*** Opening Records for the exercise ***
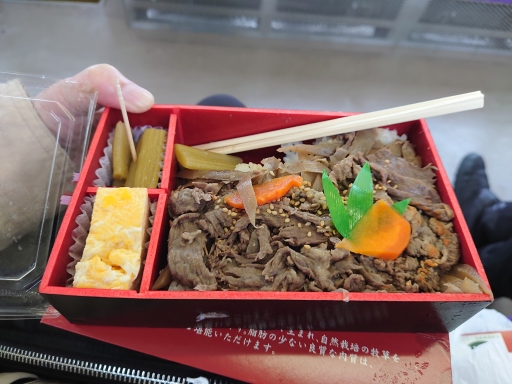 牛肉がたっぷり乗ったコスパの良い駅弁でした。
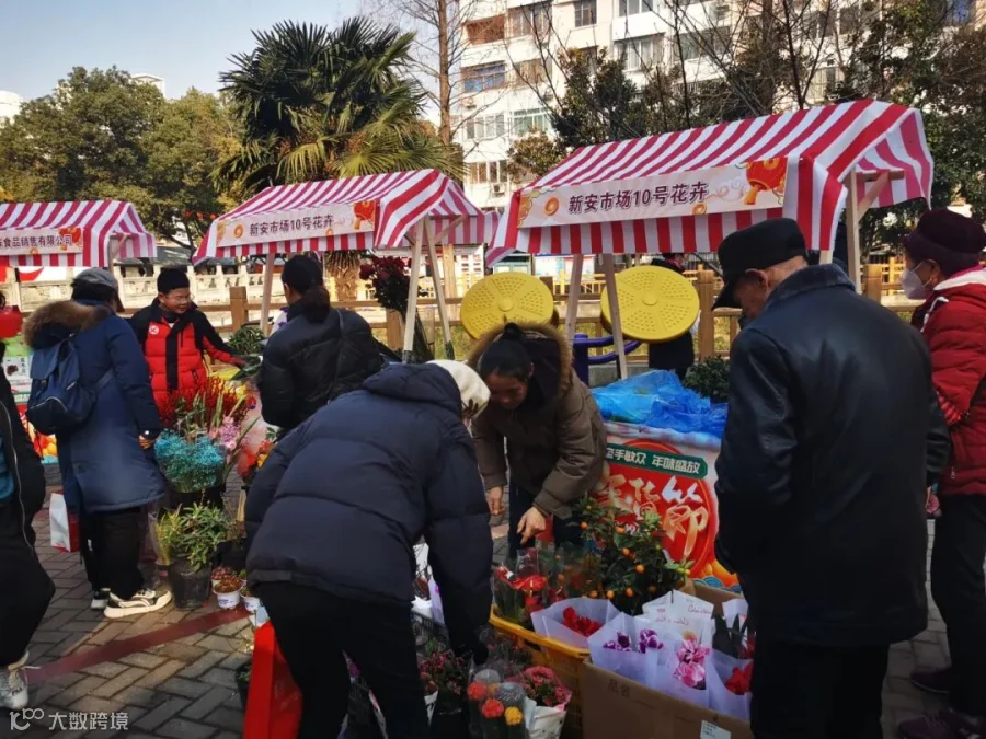 本次年货节汇集了15个摊位,分别来自新安市场的花卉区10号、B区44-45号凤俊冻品、A区35-36号闵行大酒仓、A区5-6号春咏食品、C区27-11佳禾食品、E区36号山西红富士专卖、G区16号冠珠食品、以及安宁市集1331双美中心和闵行老年书画社。
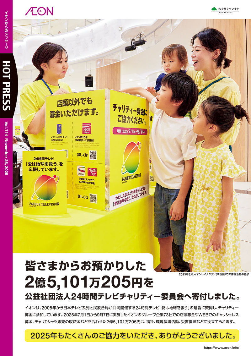 イオンは、2005年から日本テレビ系列と民放各局が共同開催する24時間テレビ「愛は地球を救う」の趣旨に賛同し、チャリティー募金に参加しています。2025年7月1日から9月7日に実施したイオンのグループ企業73社での店頭募金やWEBでのキャッシュレス募金、チャリTシャツ販売の収益金などを合わせた2億5,101万205円は、福祉、環境保護活動、災害復興などに役立てられます。
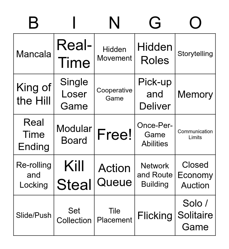This bingo card has a free space and 88 words: Acting, Action Points, Action Queue, Action Timer, Alliances, Area Majority / Influence, Area Movement, Auction/Bidding, Automatic Resource Growth, Betting and Bluffing, Chit-Pull System, Closed Drafting, Closed Economy Auction, Communication Limits, Contracts, Cooperative Game, Cube Tower, Deck Construction, Deck, Bag, and Pool Building, Deduction, Dice Rolling, Drawing, Real Time Ending, End Game Bonuses, Flicking, Follow, Grid Coverage, Grid Movement, Hand Management, Hexagon Grid, Hidden Movement, Hidden Roles, Hidden Victory Points, I Cut, You Choose, Kill Steal, King of the Hill, Mancala, Matching, Melding and Splaying, Memory, Modular Board, Multi-Use Cards, Negotiation, Network and Route Building, Once-Per-Game Abilities, Open Drafting, Paper-and-Pencil, Pattern Building, Pattern Recognition, Pick-up and Deliver, Player Elimination, Player Judge, Programmed Movement, Push Your Luck, Race, Random Production, Re-rolling and Locking, Real-Time, Rock-Paper-Scissors, Roll / Spin and Move, Rondel, Score-and-Reset Game, Secret Unit Deployment, Selection Order Bid, Semi-Cooperative Game, Set Collection, Simultaneous Action Selection, Single Loser Game, Slide/Push, Solo / Solitaire Game, Speed Matching, Square Grid, Stacking and Balancing, Storytelling, Take That, Team-Based Game, Tech Trees / Tech Tracks, Three-Dimensional Movement, Tile Placement, Trading, Traitor Game, Trick-taking, Tug of War, Variable Player Powers, Variable Set-up, Victory Points as a Resource, Voting and Worker Placement.
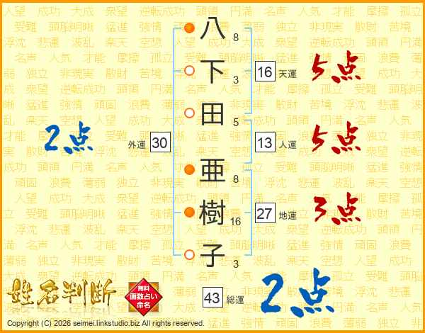 八下田亜樹子さんの総運は43画の2点!
*** Closing Records for the exercise ***
What you will do = Where an entry holds a picture, leave the picture out and output the rest exactly.

Answer to this task =
 牛肉がたっぷり乗ったコスパの良い駅弁でした。
 本次年货节汇集了15个摊位,分别来自新安市场的花卉区10号、B区44-45号凤俊冻品、A区35-36号闵行大酒仓、A区5-6号春咏食品、C区27-11佳禾食品、E区36号山西红富士专卖、G区16号冠珠食品、以及安宁市集1331双美中心和闵行老年书画社。
 イオンは、2005年から日本テレビ系列と民放各局が共同開催する24時間テレビ「愛は地球を救う」の趣旨に賛同し、チャリティー募金に参加しています。2025年7月1日から9月7日に実施したイオンのグループ企業73社での店頭募金やWEBでのキャッシュレス募金、チャリTシャツ販売の収益金などを合わせた2億5,101万205円は、福祉、環境保護活動、災害復興などに役立てられます。
This bingo card has a free space and 88 words: Acting, Action Points, Action Queue, Action Timer, Alliances, Area Majority / Influence, Area Movement, Auction/Bidding, Automatic Resource Growth, Betting and Bluffing, Chit-Pull System, Closed Drafting, Closed Economy Auction, Communication Limits, Contracts, Cooperative Game, Cube Tower, Deck Construction, Deck, Bag, and Pool Building, Deduction, Dice Rolling, Drawing, Real Time Ending, End Game Bonuses, Flicking, Follow, Grid Coverage, Grid Movement, Hand Management, Hexagon Grid, Hidden Movement, Hidden Roles, Hidden Victory Points, I Cut, You Choose, Kill Steal, King of the Hill, Mancala, Matching, Melding and Splaying, Memory, Modular Board, Multi-Use Cards, Negotiation, Network and Route Building, Once-Per-Game Abilities, Open Drafting, Paper-and-Pencil, Pattern Building, Pattern Recognition, Pick-up and Deliver, Player Elimination, Player Judge, Programmed Movement, Push Your Luck, Race, Random Production, Re-rolling and Locking, Real-Time, Rock-Paper-Scissors, Roll / Spin and Move, Rondel, Score-and-Reset Game, Secret Unit Deployment, Selection Order Bid, Semi-Cooperative Game, Set Collection, Simultaneous Action Selection, Single Loser Game, Slide/Push, Solo / Solitaire Game, Speed Matching, Square Grid, Stacking and Balancing, Storytelling, Take That, Team-Based Game, Tech Trees / Tech Tracks, Three-Dimensional Movement, Tile Placement, Trading, Traitor Game, Trick-taking, Tug of War, Variable Player Powers, Variable Set-up, Victory Points as a Resource, Voting and Worker Placement.
 八下田亜樹子さんの総運は43画の2点!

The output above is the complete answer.